- [What to work on] Restate word for word the section of the entries that opens at the line containing "頭や鱗が硬いため、ヤスで突いても弾かれてしまう。 |" and closes at the line containing "세계적인 성화화가 오타나베의", both lines kept, pictures dropped.

- [Task data]

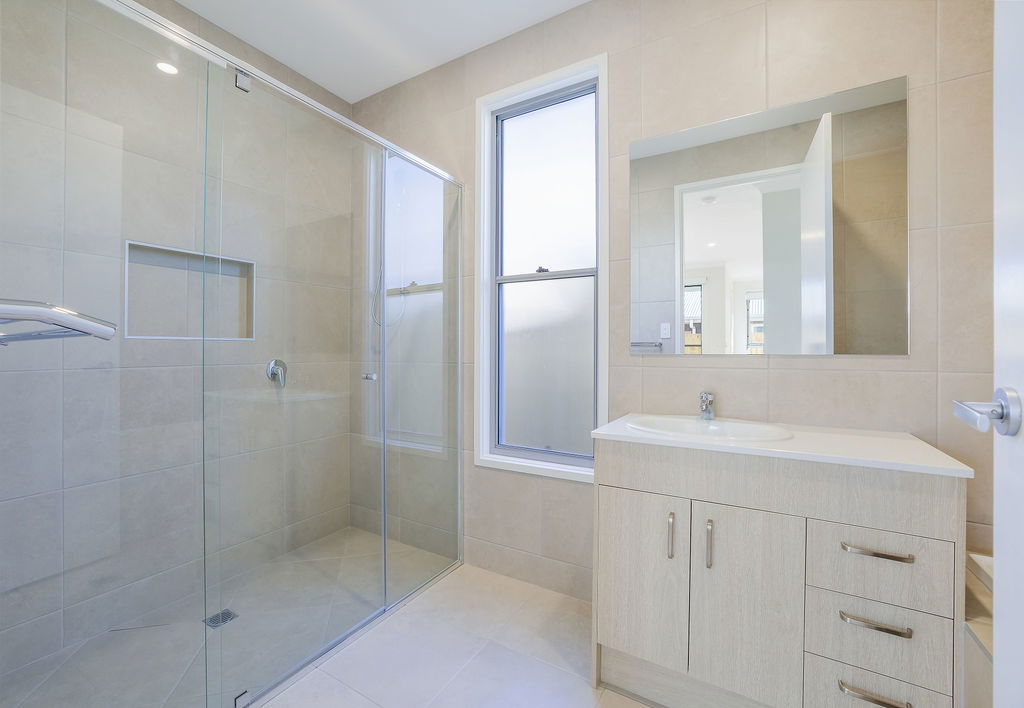 # Ensuite with large shower cavity and ample storage to vanity.
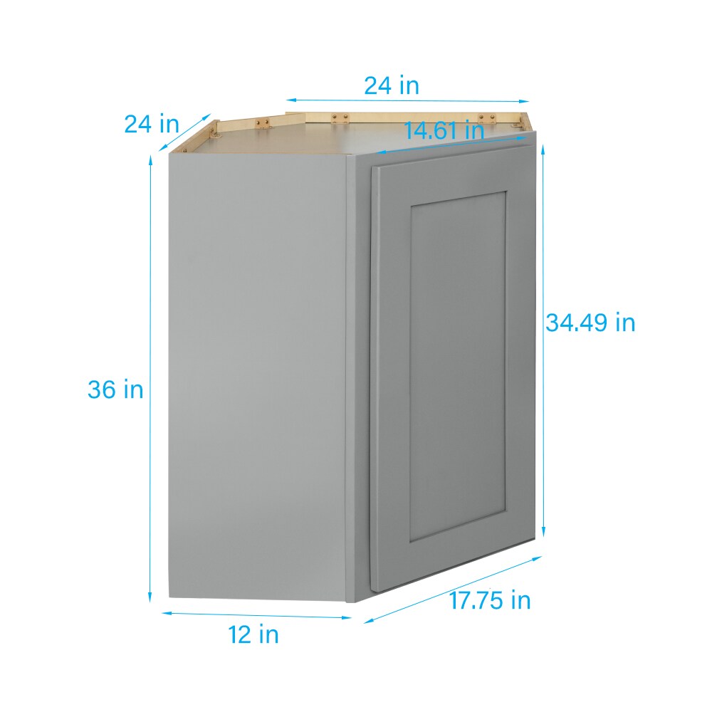 RELIABILT Overlake 24-in W x 36-in H x 24-in D Gray Diagonal Corner Wall Ready To Assemble Plywood Cabinet (Recessed Panel Shaker Style)
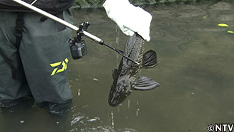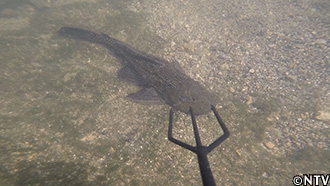 頭や鱗が硬いため、ヤスで突いても弾かれてしまう。 |
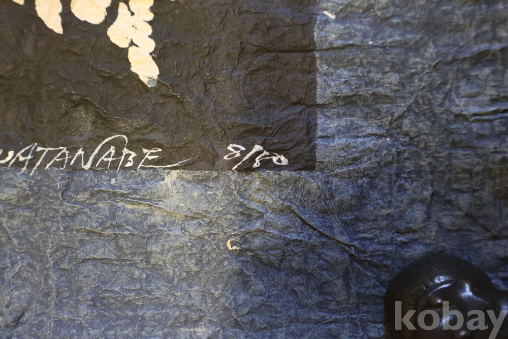 세계적인 성화화가 오타나베의 명화 임니다 제작년도 에디션 넘버 사인을 가진 명화 임니다 Sadao Watanabe was a Japanese artist best known for his prints that meld biblical imagery with the traditional Japanese folk art known as mingei. Watanabe's work portrays the Christian gospel with a distinctive use of crumpled wet paper mixed with mineral pigments suspended in soy milk, known as katazome. “I would most like to see them hanging where people ordinarily gather,” the artist said of his work. “Because Jesus brought the gospel for the people.” Born on July 7, 1913 in Tokyo, Japan, his parents died when he was 10. Now an orphan, Watanabe was invited to church by a neighbor, an event that changed the course of his life. During his adolescence, he worked as an apprentice in a fabric dyeing shop under the renowned textile artist Keisuke Serizawa. Today, the artist’s work has been internationally recognized, with his works in the collections of The Museum of Modern Art in New York, the Art Institute of Chicago, and the National Museum of Art in Tokyo. The artist died on January 8, 1996 in
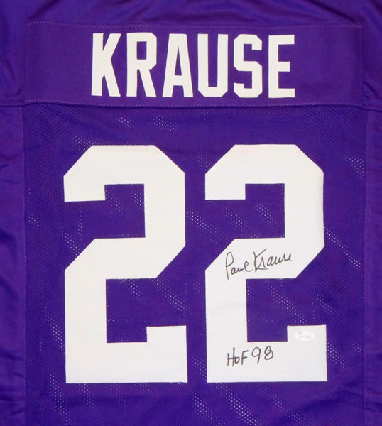 Paul Krause Autographed Purple Pro Style Jersey w/ HOF- JSA Witnessed Auth *R2 THIS IS NOT AN NFL JERSEY. THIS HAS NO TAGS, NO LOGOS, NO EMBLEMS. This is a Hand Autograph of Paul Krause on a custom made (Non Name Brand) authentic style jersey with stitched letters and numbers and inscribed with HOF 98. This item has a James Spence Witness Protection Authentication, which comes with a JSA #'ed Sticker and a matching JSA certificate of authenticity. You can view this item on the SpenceLOA website, it shows when and where the item was signed. It was signed either at a public autograph appearance or a Private Signing. This is a stock photo of the item. Although you may not receive this exact item, the item you receive is virtually identical and brand new in great shape. Jersey size is XL.
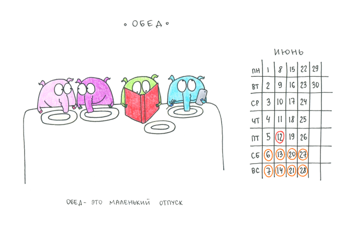 Эти и многие другие ситуации, с которыми каждый день сталкиваются офисные работники, в календаре обыгрывают симпатичные звери. Они обедают в компании коллег:

- [Solution]
 頭や鱗が硬いため、ヤスで突いても弾かれてしまう。 |
 세계적인 성화화가 오타나베의 명화 임니다 제작년도 에디션 넘버 사인을 가진 명화 임니다 Sadao Watanabe was a Japanese artist best known for his prints that meld biblical imagery with the traditional Japanese folk art known as mingei. Watanabe's work portrays the Christian gospel with a distinctive use of crumpled wet paper mixed with mineral pigments suspended in soy milk, known as katazome. “I would most like to see them hanging where people ordinarily gather,” the artist said of his work. “Because Jesus brought the gospel for the people.” Born on July 7, 1913 in Tokyo, Japan, his parents died when he was 10. Now an orphan, Watanabe was invited to church by a neighbor, an event that changed the course of his life. During his adolescence, he worked as an apprentice in a fabric dyeing shop under the renowned textile artist Keisuke Serizawa. Today, the artist’s work has been internationally recognized, with his works in the collections of The Museum of Modern Art in New York, the Art Institute of Chicago, and the National Museum of Art in Tokyo. The artist died on January 8, 1996 in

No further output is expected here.